Dal problema alla persona
Questo tipo di approccio, che sposta l’attenzione dal sintomo alla persona, che non punta il dito contro il corpo del paziente e che non interviene per “sostituire dei pezzi”, è altamente innovativo e risponde alle esigenze di una terapia riabilitativa scientifica, attuale e completa, che mette al centro il paziente rendendo parte attiva del suo percorso di cura.
“Questo approccio si basa su valide e rilevanti evidenze scientifiche, che ci indicano il miglior trattamento da effettuare, adattandosi a valori e alle preferenze del paziente.”
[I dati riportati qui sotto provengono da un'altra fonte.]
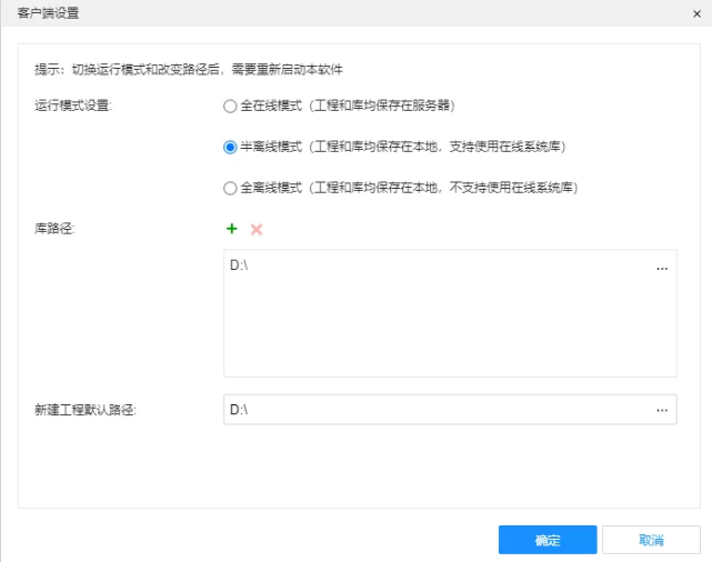 Full-online mode: supports setting the online project backup path, and the editor will backup the project compressed package in this folder according to the set backup interval.Semi-offline mode/all-offline mode: support setting library paths and adding multiple library paths; Support setting the default storage path for new projects.
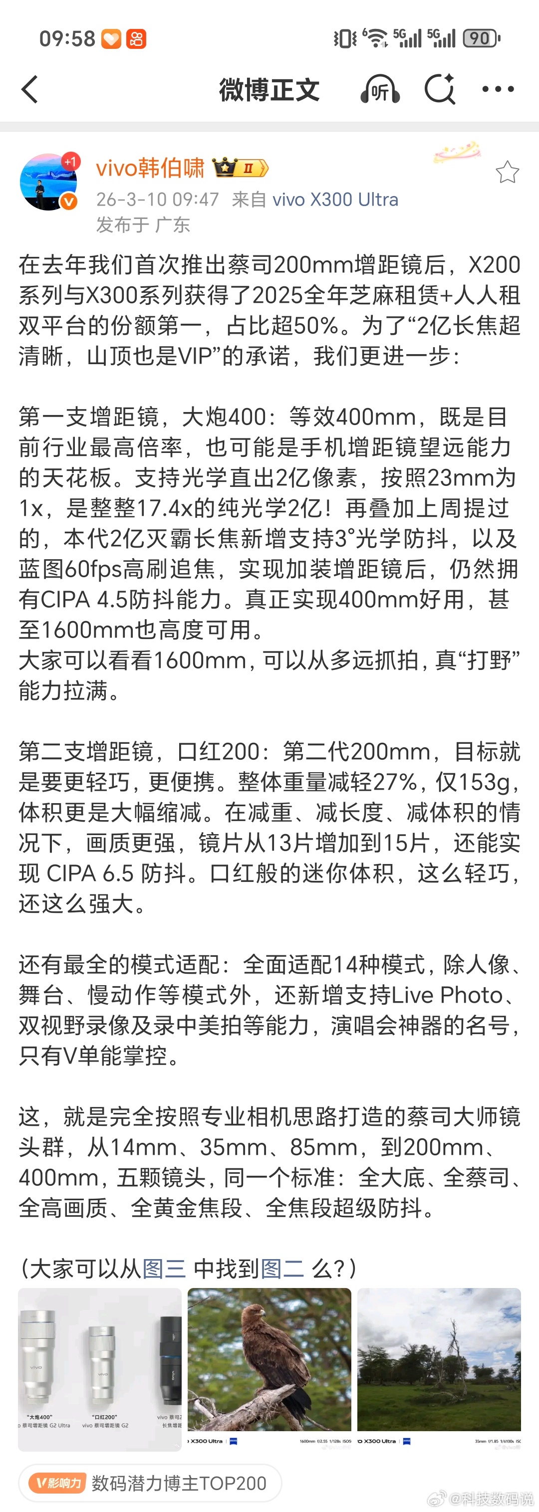 vivo把增距镜玩成了全民叫好,用过的都知道拍演唱会、球赛有多好用。因此vivo X300 Ultra简直太惊喜了,不但有光学变焦更远的大炮400mm的新增距镜,可以做到400mm-1600mm,更远、更好的防抖,演唱会更爽了。
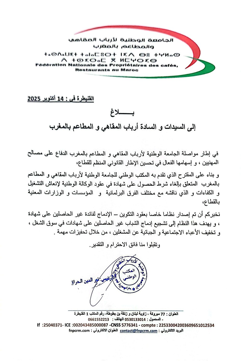بلاغ هام من الجامعة الوطنية لأرباب المقاهي والمطاعم يدعو إلى تحسين الإطار القانوني للقطاع

In conclusione, il fisioterapista moderno è il professionista che conosce e sa individuare differenti patologie mediche e muscoloscheletriche, conosce il loro decorso e la loro storia naturale, rassicura ed educa il paziente riguardo quello che sta succedendo e come dev’essere gestito, utilizza varie tecniche per diminuire il dolore e sviluppa una terapia attiva altamente personalizzata per migliorare mobilità, forza e tutte le capacità necessarie per rispondere adeguatamente alle esigenze di sforzo richieste, evitando così le recidive.
L’obiettivo è quello di migliorare notevolmente la qualità di vita della persona, restituendo al paziente autonomia e dignità, e offrendo al contempo una guida e un supporto costanti lungo il percorso di cura.